-- WHAT NEEDS TO BE DONE --
Include in the output exactly the lines from the opening of the data through the line containing "เทคอนกรีตอย่าง", and nothing more.

-- DATA BLOCK --
══════════

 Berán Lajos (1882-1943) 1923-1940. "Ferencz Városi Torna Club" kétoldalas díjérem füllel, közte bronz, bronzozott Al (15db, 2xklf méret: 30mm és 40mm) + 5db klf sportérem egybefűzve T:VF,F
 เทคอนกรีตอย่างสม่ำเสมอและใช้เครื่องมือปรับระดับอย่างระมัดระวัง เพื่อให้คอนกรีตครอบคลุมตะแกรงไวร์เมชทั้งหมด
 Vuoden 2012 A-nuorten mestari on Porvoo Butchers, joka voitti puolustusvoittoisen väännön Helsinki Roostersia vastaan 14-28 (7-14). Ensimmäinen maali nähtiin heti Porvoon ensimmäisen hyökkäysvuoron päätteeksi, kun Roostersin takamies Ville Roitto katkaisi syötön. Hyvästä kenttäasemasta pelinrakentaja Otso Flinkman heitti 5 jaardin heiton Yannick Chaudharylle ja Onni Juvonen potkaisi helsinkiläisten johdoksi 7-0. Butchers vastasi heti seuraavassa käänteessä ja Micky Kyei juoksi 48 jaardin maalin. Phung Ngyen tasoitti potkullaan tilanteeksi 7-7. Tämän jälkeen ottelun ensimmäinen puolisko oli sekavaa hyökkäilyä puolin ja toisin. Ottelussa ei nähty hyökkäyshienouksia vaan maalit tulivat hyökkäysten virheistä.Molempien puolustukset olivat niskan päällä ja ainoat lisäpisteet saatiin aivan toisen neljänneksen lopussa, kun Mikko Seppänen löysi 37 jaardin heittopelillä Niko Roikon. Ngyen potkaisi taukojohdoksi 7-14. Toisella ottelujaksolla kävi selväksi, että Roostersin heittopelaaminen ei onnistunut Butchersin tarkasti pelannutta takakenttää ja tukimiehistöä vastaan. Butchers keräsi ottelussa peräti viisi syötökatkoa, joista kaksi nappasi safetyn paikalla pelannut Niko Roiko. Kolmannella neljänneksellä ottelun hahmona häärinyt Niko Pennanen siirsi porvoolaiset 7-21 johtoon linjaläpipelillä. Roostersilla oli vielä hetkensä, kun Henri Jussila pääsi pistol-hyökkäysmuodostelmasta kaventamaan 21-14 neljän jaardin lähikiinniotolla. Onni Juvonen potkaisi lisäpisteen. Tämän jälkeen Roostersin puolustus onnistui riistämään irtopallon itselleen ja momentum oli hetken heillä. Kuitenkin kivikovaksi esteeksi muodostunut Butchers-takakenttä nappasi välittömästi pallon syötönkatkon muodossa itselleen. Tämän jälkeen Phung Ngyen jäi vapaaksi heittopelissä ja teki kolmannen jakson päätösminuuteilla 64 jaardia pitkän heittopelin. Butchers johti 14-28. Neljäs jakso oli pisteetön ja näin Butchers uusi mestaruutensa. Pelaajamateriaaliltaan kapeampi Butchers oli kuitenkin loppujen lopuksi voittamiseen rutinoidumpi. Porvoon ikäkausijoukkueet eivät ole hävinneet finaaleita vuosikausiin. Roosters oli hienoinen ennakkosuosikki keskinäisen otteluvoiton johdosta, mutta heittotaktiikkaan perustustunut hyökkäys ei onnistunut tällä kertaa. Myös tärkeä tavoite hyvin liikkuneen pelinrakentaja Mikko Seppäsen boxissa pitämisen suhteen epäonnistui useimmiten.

══════════

-- RESPONSE BELOW --
 Berán Lajos (1882-1943) 1923-1940. "Ferencz Városi Torna Club" kétoldalas díjérem füllel, közte bronz, bronzozott Al (15db, 2xklf méret: 30mm és 40mm) + 5db klf sportérem egybefűzve T:VF,F
 เทคอนกรีตอย่างสม่ำเสมอและใช้เครื่องมือปรับระดับอย่างระมัดระวัง เพื่อให้คอนกรีตครอบคลุมตะแกรงไวร์เมชทั้งหมด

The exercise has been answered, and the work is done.